Nota de editor: sobre este assunto, no caso a crescente fobia dos principais dirigentes europeus ocidentais inventando alegadas ameaças russas para atacar a europa ocidental, relembramos o elucidativo texto de Davide Malacaria que publicámos em 10 de outubro passado Drones na Europa: foram presas pessoas sem ligações com os russos. Até quando vão as populações continuar a dar cobertura a estes políticos obscurecidos e irresponsáveis?
FT
Seleção e tradução de Francisco Tavares
6 min de leitura
Os políticos europeus estão obcecados com a histeria dos drones e espiões russos
Publicado por
em 29 de Novembro de 2025 (original aqui)
Eles parecem ter-se esquecido das grandes guerras europeias que se originaram no coração do continente.
Há muito que os políticos europeus se preocupam com o espectro dos “espiões ou agentes” russos e com a ameaça de ataques com drones.
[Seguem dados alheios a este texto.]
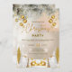 Diseño festivo con adornos dorados, árboles de Navidad blancos y regalos envueltos. El fondo cuenta con luces suaves, ramas de pino y estrellas doradas, creando un ambiente invernal cálido.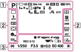 Elenco delle icone del modo di ripresa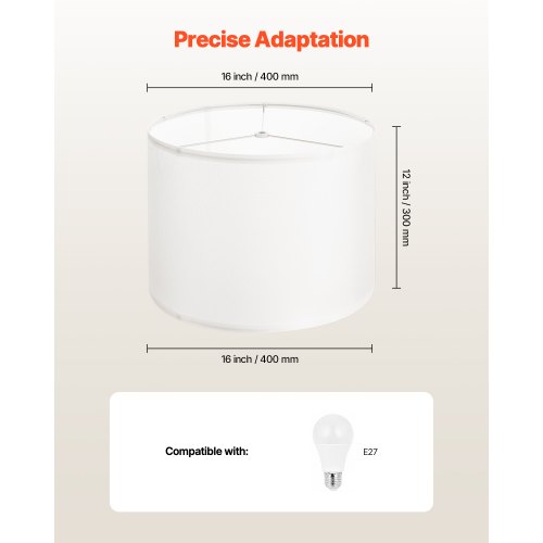 VEVOR Lampenschirm Trommel 40 x 40 x 30 cm (oben x unter x hoch), 2 Stk. große Ersatzschirme aus Leinen + PVC, Lampenschirm mit Harfe für Tischlampen Stehlampen Pendelleuchten (Cremeweißes Leinen)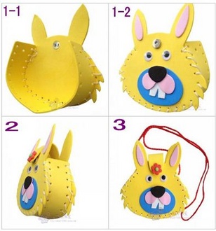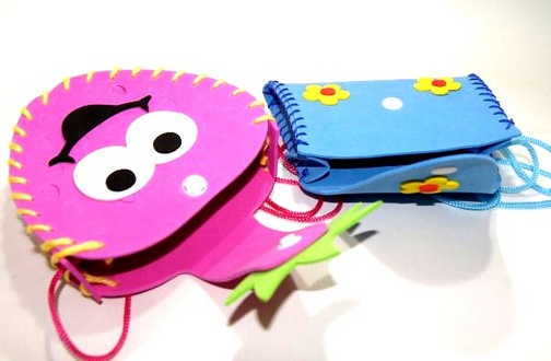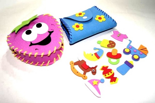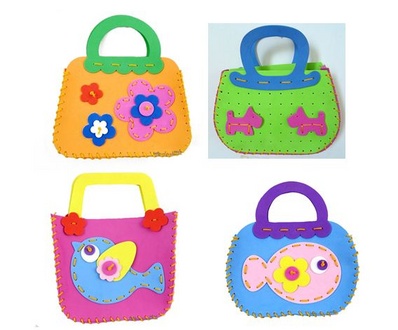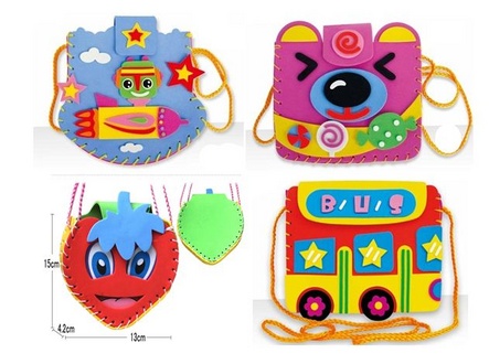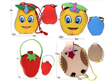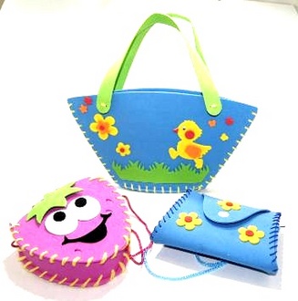 毛糸とプラスチックの針を使い簡単に縫い合わせてかわいいバッグを製作するキットになります。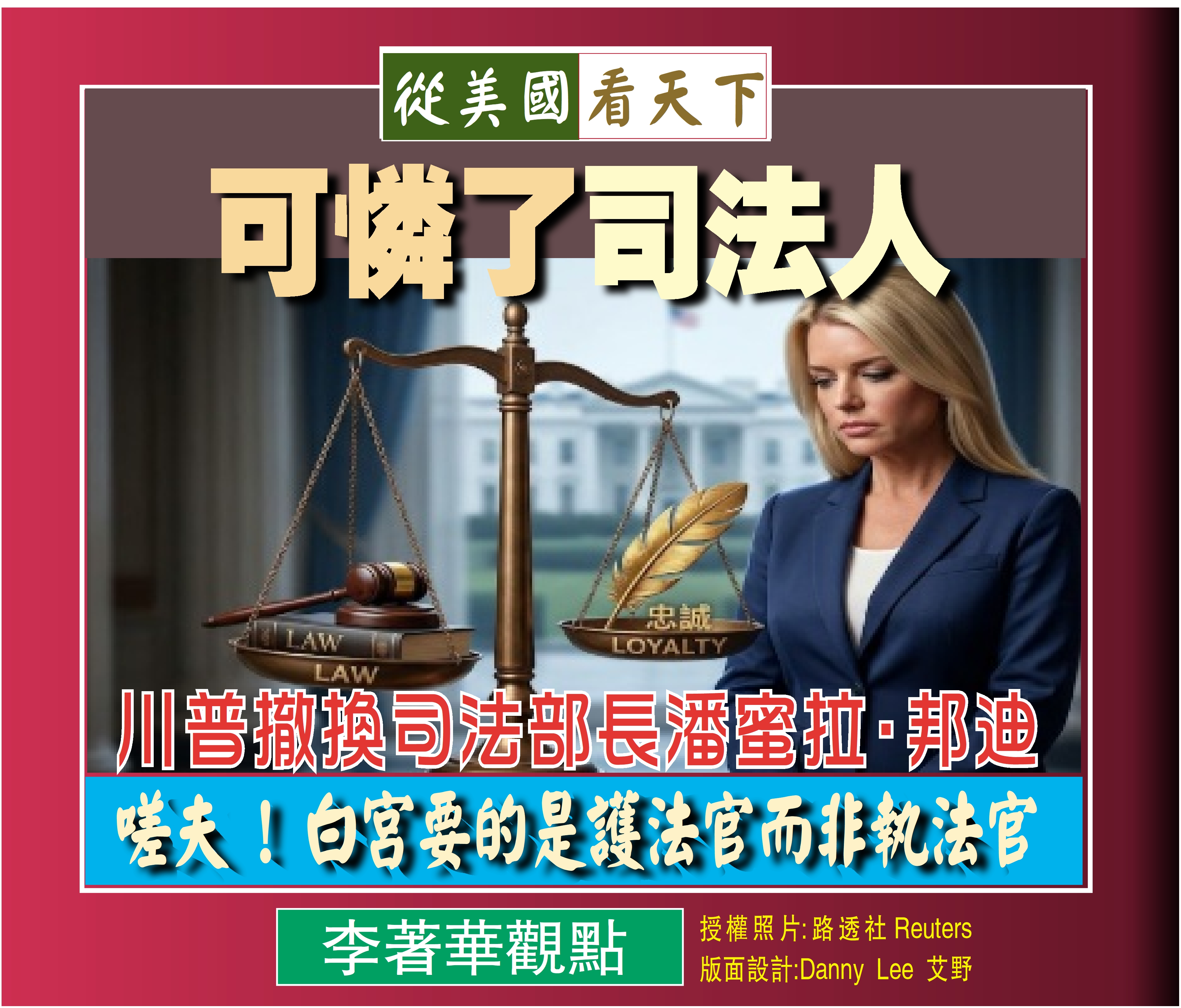 此次司法部長遭撤換並非孤立事件。回顧過去,從傑夫·塞申斯(Jeff Sessions)到威廉·巴爾(William Barr),川普在兩個總統任期内始終是在尋找那個能為其衝鋒陷陣的司法首長。邦迪曽被寄予厚望,以其對川普的忠誠和積極而聞名,如今卻因未能在針對政敵的追訴上展現「戰鬥力」,以及在艾普斯坦(Jeffrey Epstein)檔案公開上的守法執行而慘遭清洗。這證明了在現今政治叢林中,技術官僚的專業與法治的嚴謹,敵不過領導人對於「絕對忠誠」的飢渴與變幻莫測的願望, 哇, 這真是美國版的 ”忠誠不絕對,就是絕對不忠誠” 呀!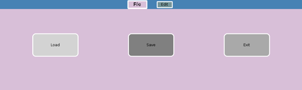 Our FileMenu needs to display the FileDialog object, containing a list of the text files in a directory thus allowing the user to select the file by clicking on the list. We also need to assign the save, load, and new buttons to their respective actions. The FileMenu contains an editable text input to allow the user to type a file name using the keyboard.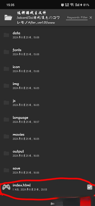 接下来找到翻译文件,把它复制或者移动到游戏文件夹里的WWW文件夹中就可以了。

Nas últimas semanas, essa fixação intensificou-se, com um súbito aumento de avistamentos de drones a serem relatados em todo o continente – particularmente em países da Europa Ocidental, como os Países Baixos e a Bélgica. A narrativa predominante entre esses políticos é que, embora os estados da Europa Oriental, como a Polónia, enfrentem um risco maior de sabotagem por agentes humanos, a Europa Ocidental é o principal alvo das operações baseadas em drones.
É claro que, em muitos casos, são apenas notícias falsas. Vou descrever em pormenor o que é exactamente verdade e o que não é.
Nas primeiras semanas de novembro de 2025, foram notificados vários avistamentos misteriosos de drones sobre aeroportos e bases militares belgas, como o Aeroporto de Bruxelas (Zaventem), o Aeroporto de Li Extraterge (Luik) e a Base Aérea Militar Kleine-Brogel – todos reportados pelos chamados meios de comunicação social e exagerados pelos políticos.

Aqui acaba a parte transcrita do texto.